# Work to be completed
Starting at the first line of the entries, extract each line up to and including the one that contains "Dessin: St 980-979791", but leave out the pictures.

Source records:
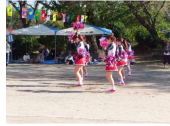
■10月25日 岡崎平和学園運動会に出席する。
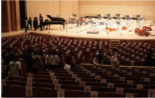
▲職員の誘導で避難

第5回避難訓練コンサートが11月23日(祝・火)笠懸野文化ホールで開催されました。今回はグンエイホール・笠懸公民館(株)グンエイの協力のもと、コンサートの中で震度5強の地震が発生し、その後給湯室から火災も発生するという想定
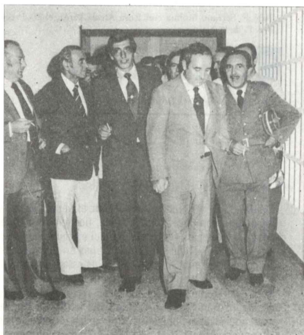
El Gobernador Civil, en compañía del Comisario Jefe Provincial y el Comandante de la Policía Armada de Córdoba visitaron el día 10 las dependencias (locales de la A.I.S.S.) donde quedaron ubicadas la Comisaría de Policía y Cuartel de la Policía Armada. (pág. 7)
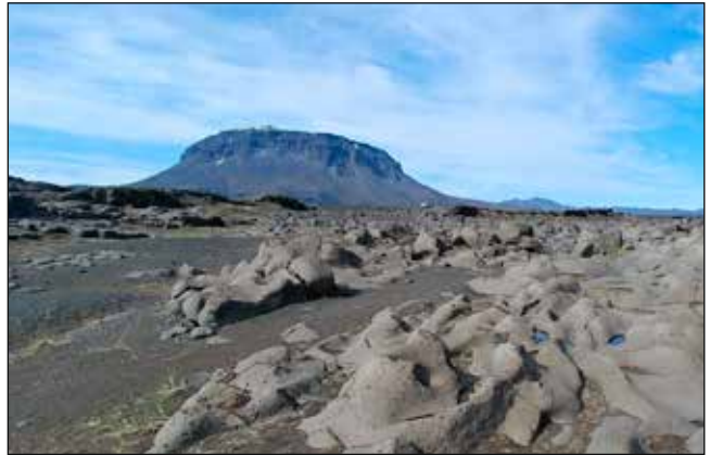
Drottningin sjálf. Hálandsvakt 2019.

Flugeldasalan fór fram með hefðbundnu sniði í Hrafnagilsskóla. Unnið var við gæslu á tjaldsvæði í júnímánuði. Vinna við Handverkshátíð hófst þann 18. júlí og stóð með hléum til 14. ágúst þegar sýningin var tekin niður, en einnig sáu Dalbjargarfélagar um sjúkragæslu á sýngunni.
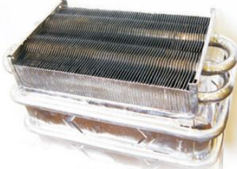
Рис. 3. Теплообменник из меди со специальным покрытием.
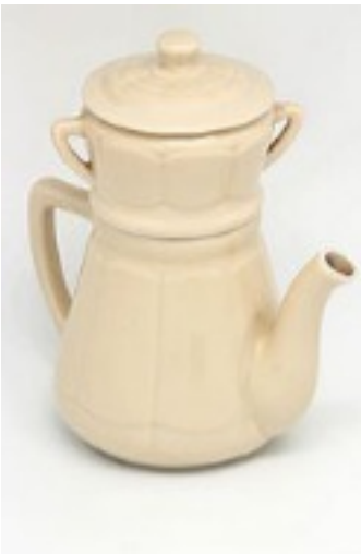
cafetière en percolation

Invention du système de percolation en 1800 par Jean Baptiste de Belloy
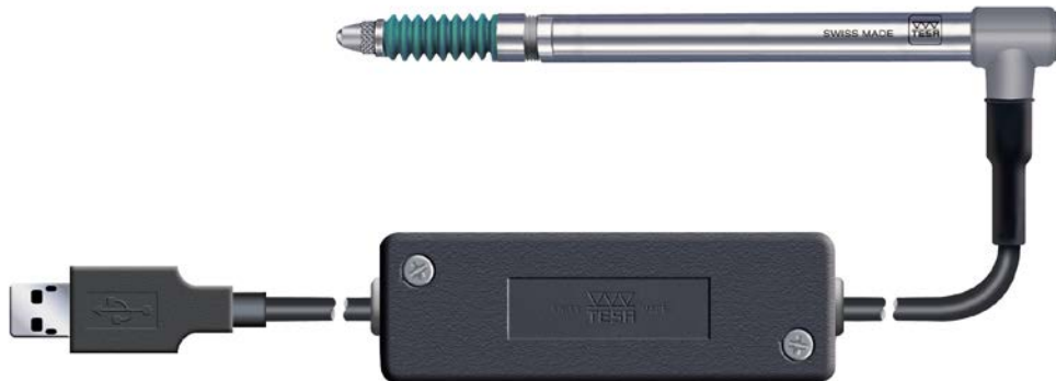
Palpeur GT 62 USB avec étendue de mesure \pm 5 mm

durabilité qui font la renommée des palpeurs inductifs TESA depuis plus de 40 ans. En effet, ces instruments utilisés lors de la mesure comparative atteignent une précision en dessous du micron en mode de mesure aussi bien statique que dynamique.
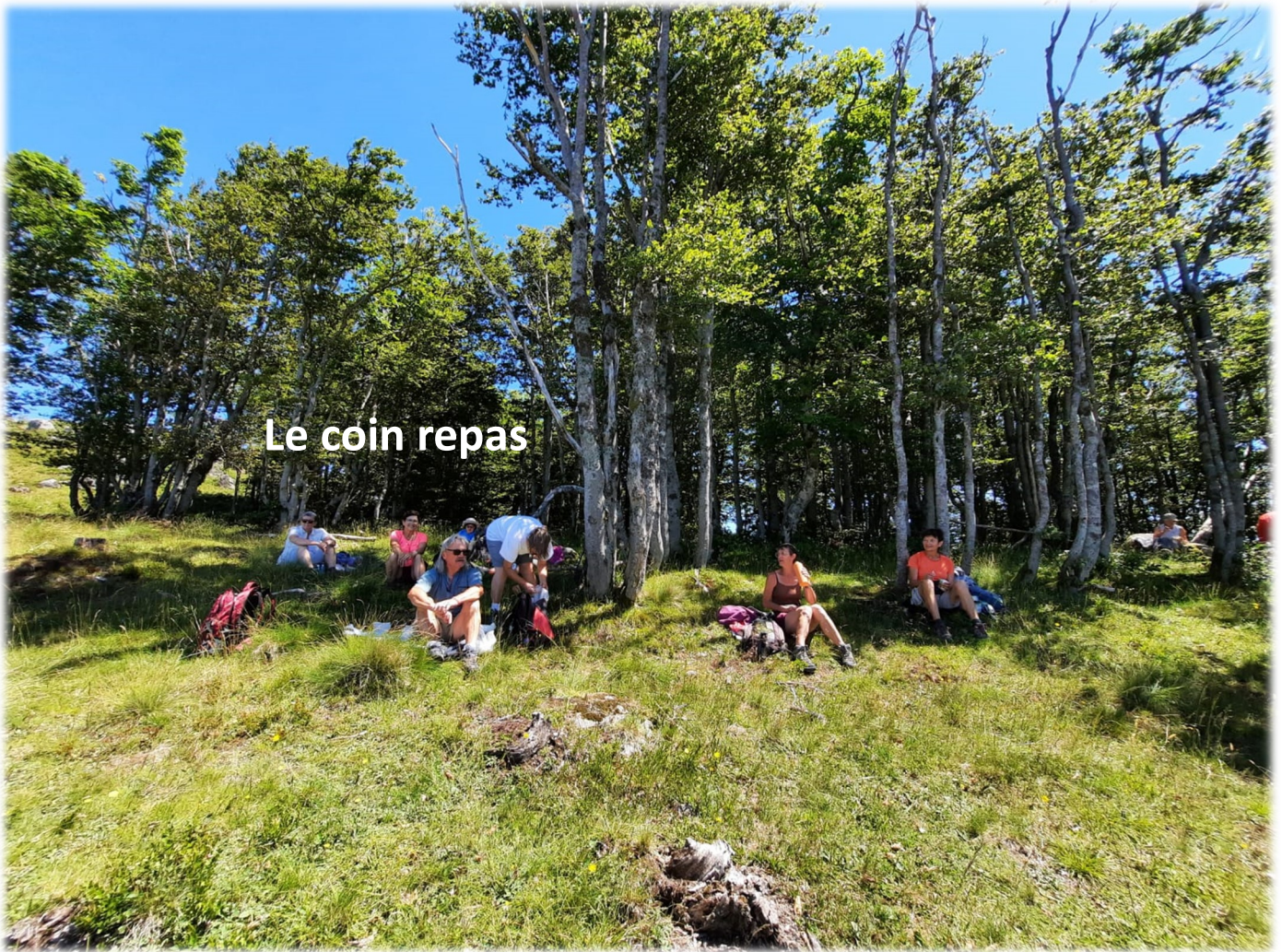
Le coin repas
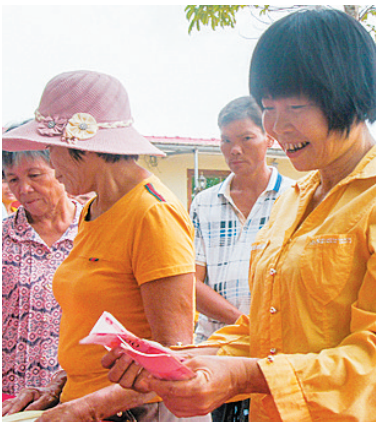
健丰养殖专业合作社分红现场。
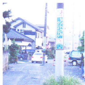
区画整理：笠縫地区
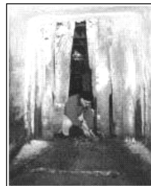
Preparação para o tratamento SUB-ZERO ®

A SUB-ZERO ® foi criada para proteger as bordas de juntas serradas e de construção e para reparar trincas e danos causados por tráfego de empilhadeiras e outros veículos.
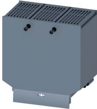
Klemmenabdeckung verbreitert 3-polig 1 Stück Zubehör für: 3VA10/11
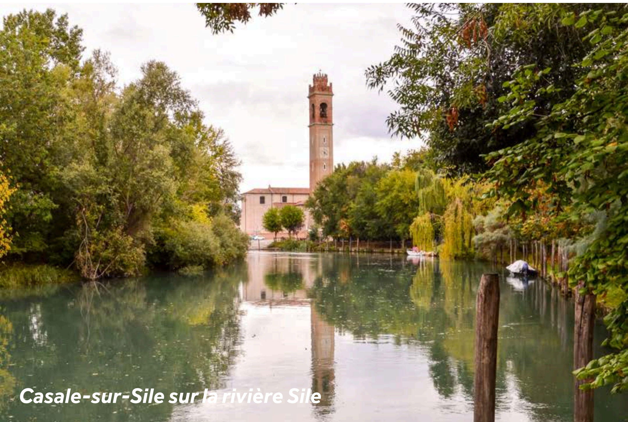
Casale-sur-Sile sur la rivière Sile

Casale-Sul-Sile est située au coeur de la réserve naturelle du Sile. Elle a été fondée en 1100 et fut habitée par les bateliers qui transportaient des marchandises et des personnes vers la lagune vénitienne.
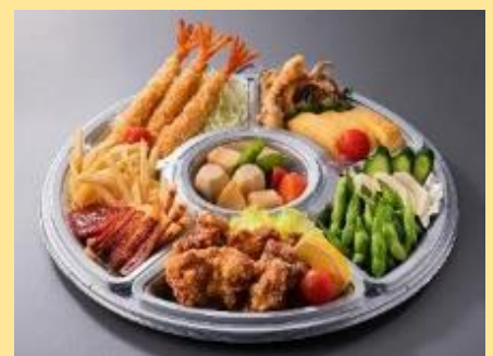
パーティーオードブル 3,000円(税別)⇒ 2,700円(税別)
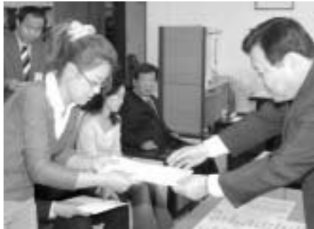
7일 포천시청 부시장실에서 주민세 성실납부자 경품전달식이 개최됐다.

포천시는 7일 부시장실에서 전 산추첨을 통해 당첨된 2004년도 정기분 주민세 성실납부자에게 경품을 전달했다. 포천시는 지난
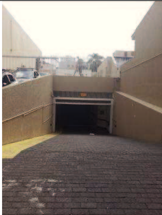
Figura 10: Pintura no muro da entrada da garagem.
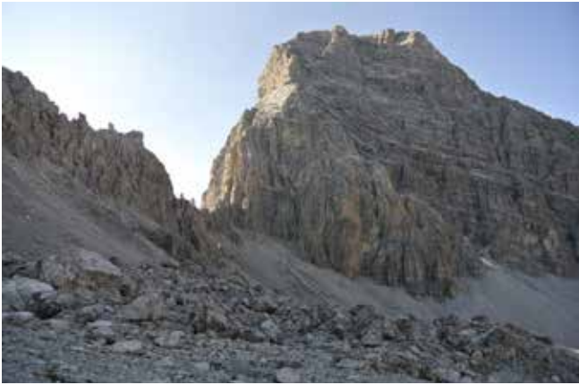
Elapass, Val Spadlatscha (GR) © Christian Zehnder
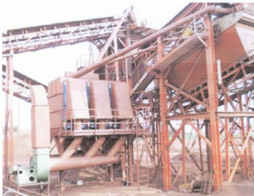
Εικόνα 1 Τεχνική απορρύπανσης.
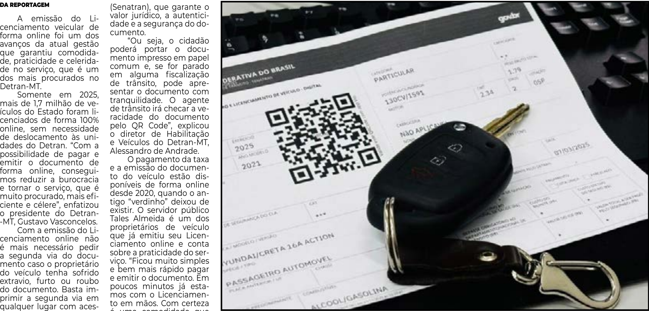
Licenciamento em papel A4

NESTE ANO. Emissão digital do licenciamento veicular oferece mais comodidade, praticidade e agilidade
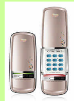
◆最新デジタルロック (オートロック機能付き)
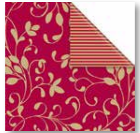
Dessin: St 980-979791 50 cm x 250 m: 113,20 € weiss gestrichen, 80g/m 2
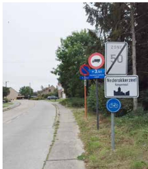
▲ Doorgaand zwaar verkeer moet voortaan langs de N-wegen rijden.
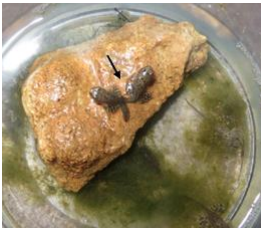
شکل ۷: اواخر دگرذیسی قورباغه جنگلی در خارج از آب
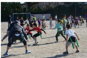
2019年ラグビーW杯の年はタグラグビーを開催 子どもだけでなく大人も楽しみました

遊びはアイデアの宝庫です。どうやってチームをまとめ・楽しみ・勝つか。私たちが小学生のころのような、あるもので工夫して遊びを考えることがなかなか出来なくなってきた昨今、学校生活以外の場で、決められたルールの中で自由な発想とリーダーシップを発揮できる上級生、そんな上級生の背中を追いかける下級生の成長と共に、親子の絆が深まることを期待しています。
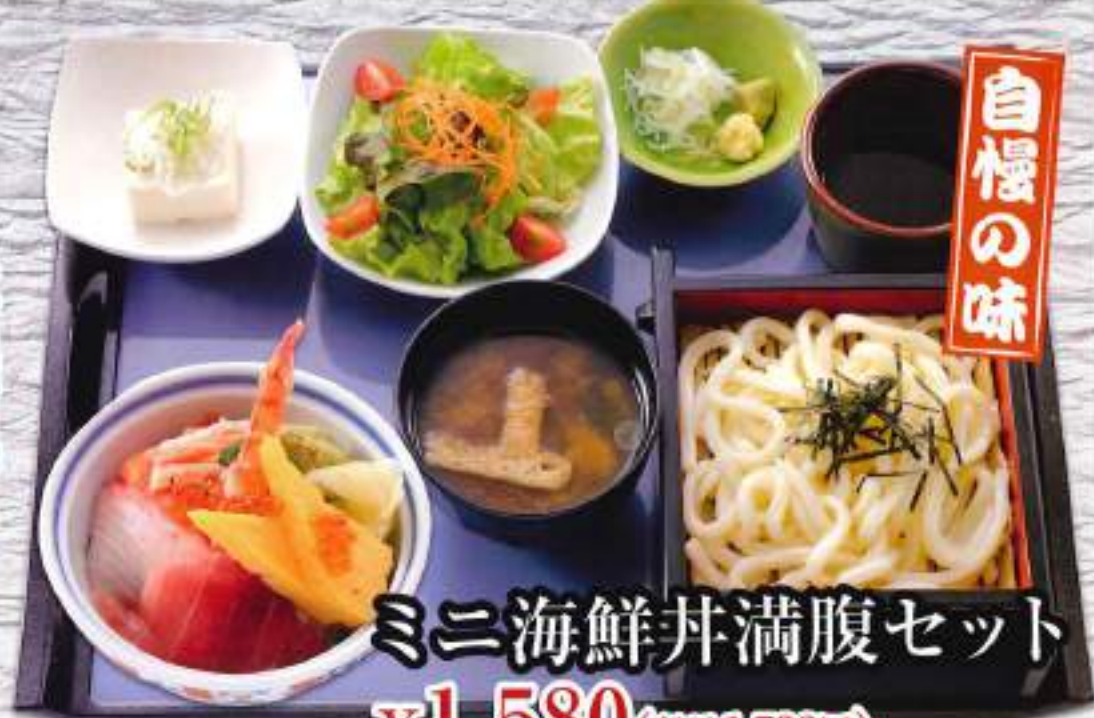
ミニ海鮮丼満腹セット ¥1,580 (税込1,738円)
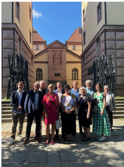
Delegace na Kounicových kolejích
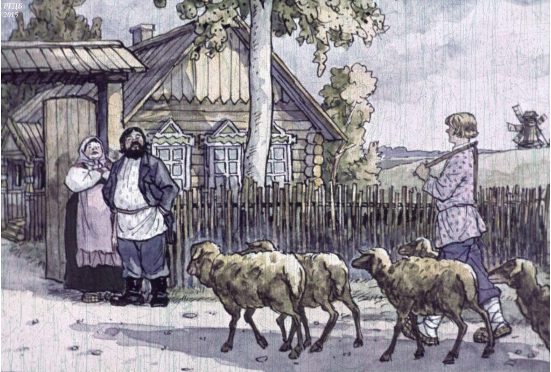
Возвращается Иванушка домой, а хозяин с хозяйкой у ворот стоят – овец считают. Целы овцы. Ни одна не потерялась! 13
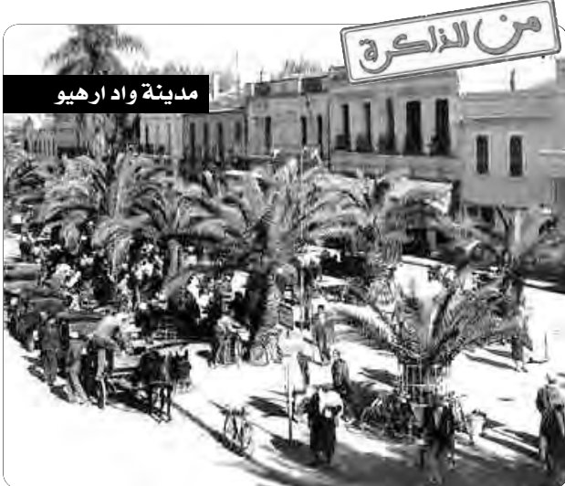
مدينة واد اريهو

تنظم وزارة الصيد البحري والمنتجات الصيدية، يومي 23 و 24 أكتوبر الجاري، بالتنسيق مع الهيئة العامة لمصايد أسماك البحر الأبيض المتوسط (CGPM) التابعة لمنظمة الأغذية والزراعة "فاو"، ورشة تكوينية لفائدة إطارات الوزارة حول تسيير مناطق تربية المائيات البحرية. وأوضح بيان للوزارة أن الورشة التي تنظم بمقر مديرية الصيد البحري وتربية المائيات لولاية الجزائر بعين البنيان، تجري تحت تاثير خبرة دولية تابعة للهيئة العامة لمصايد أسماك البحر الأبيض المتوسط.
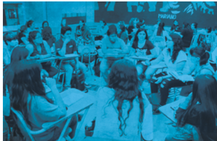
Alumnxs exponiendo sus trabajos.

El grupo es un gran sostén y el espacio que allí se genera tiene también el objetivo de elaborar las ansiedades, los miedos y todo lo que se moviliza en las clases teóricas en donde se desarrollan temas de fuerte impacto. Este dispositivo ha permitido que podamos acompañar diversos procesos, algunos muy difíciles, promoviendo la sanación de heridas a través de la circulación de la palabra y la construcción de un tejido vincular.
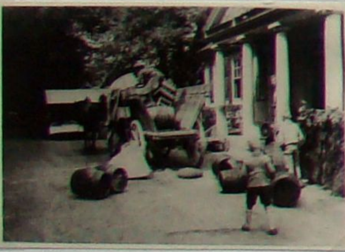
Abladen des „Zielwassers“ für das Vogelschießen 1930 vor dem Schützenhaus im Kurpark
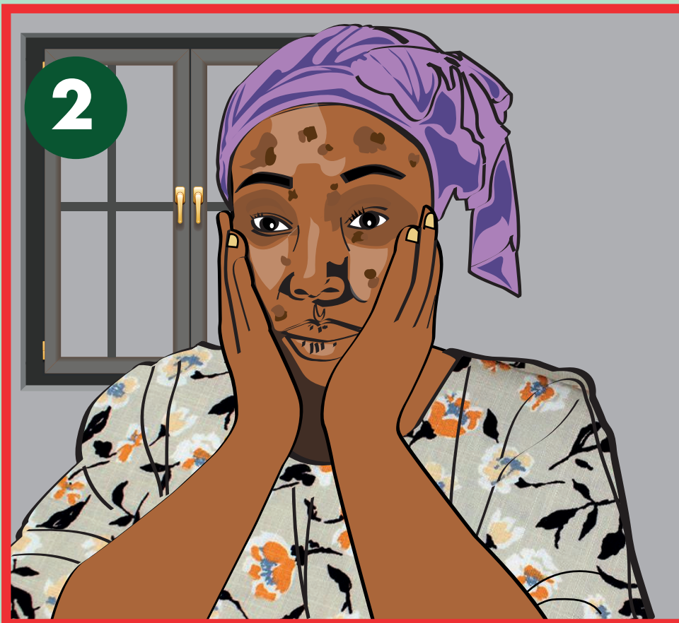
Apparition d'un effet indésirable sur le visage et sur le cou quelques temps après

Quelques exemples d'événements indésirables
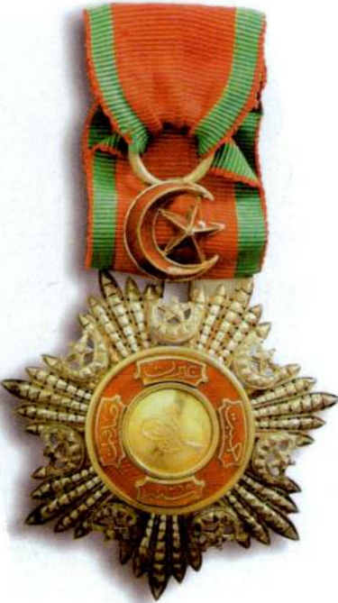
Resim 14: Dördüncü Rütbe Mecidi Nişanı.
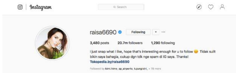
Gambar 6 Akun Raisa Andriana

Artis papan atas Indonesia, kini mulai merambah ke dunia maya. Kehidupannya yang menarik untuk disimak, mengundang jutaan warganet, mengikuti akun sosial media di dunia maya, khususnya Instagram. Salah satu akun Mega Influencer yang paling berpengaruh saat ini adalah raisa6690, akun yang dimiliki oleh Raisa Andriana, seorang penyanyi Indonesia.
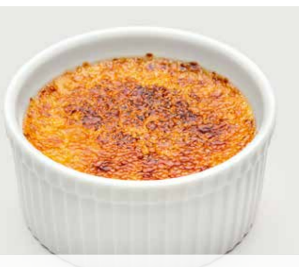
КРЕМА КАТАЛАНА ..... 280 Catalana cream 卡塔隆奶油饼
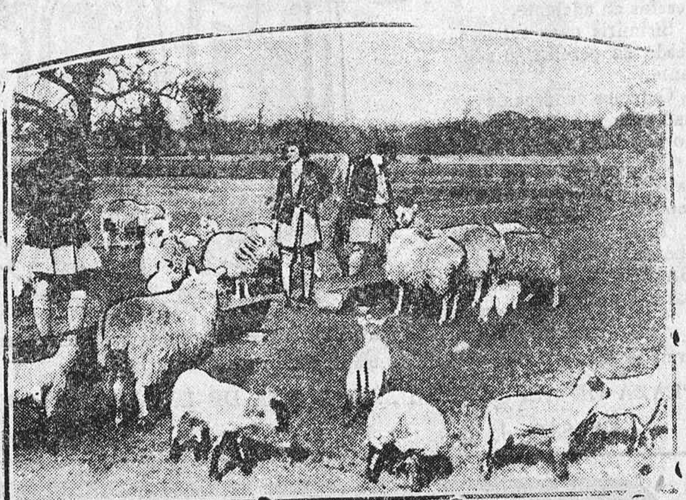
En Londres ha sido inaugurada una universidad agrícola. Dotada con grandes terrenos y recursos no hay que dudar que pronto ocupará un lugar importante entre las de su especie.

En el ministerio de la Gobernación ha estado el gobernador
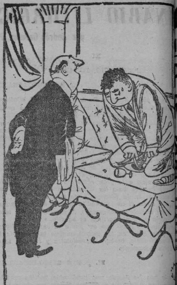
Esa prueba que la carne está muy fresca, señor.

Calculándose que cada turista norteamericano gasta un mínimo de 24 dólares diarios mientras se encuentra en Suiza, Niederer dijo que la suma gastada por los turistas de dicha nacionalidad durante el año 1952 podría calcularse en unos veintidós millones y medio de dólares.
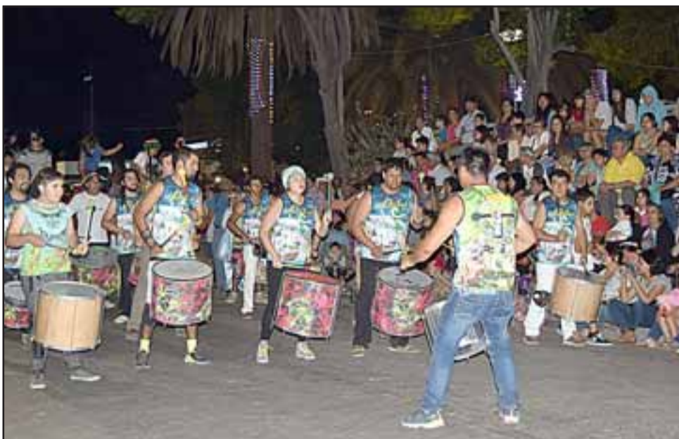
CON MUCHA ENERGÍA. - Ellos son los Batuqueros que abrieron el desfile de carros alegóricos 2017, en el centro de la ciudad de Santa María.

# Answer to the exercise
■10月25日 岡崎平和学園運動会に出席する。
▲職員の誘導で避難

第5回避難訓練コンサートが11月23日(祝・火)笠懸野文化ホールで開催されました。今回はグンエイホール・笠懸公民館(株)グンエイの協力のもと、コンサートの中で震度5強の地震が発生し、その後給湯室から火災も発生するという想定
El Gobernador Civil, en compañía del Comisario Jefe Provincial y el Comandante de la Policía Armada de Córdoba visitaron el día 10 las dependencias (locales de la A.I.S.S.) donde quedaron ubicadas la Comisaría de Policía y Cuartel de la Policía Armada. (pág. 7)
Drottningin sjálf. Hálandsvakt 2019.

Flugeldasalan fór fram með hefðbundnu sniði í Hrafnagilsskóla. Unnið var við gæslu á tjaldsvæði í júnímánuði. Vinna við Handverkshátíð hófst þann 18. júlí og stóð með hléum til 14. ágúst þegar sýningin var tekin niður, en einnig sáu Dalbjargarfélagar um sjúkragæslu á sýngunni.
Рис. 3. Теплообменник из меди со специальным покрытием.
cafetière en percolation

Invention du système de percolation en 1800 par Jean Baptiste de Belloy
Palpeur GT 62 USB avec étendue de mesure \pm 5 mm

durabilité qui font la renommée des palpeurs inductifs TESA depuis plus de 40 ans. En effet, ces instruments utilisés lors de la mesure comparative atteignent une précision en dessous du micron en mode de mesure aussi bien statique que dynamique.
Le coin repas
健丰养殖专业合作社分红现场。
区画整理：笠縫地区
Preparação para o tratamento SUB-ZERO ®

A SUB-ZERO ® foi criada para proteger as bordas de juntas serradas e de construção e para reparar trincas e danos causados por tráfego de empilhadeiras e outros veículos.
Klemmenabdeckung verbreitert 3-polig 1 Stück Zubehör für: 3VA10/11
Casale-sur-Sile sur la rivière Sile

Casale-Sul-Sile est située au coeur de la réserve naturelle du Sile. Elle a été fondée en 1100 et fut habitée par les bateliers qui transportaient des marchandises et des personnes vers la lagune vénitienne.
パーティーオードブル 3,000円(税別)⇒ 2,700円(税別)
7일 포천시청 부시장실에서 주민세 성실납부자 경품전달식이 개최됐다.

포천시는 7일 부시장실에서 전 산추첨을 통해 당첨된 2004년도 정기분 주민세 성실납부자에게 경품을 전달했다. 포천시는 지난
Figura 10: Pintura no muro da entrada da garagem.
Elapass, Val Spadlatscha (GR) © Christian Zehnder
Εικόνα 1 Τεχνική απορρύπανσης.
Licenciamento em papel A4

NESTE ANO. Emissão digital do licenciamento veicular oferece mais comodidade, praticidade e agilidade
◆最新デジタルロック (オートロック機能付き)
Dessin: St 980-979791 50 cm x 250 m: 113,20 € weiss gestrichen, 80g/m 2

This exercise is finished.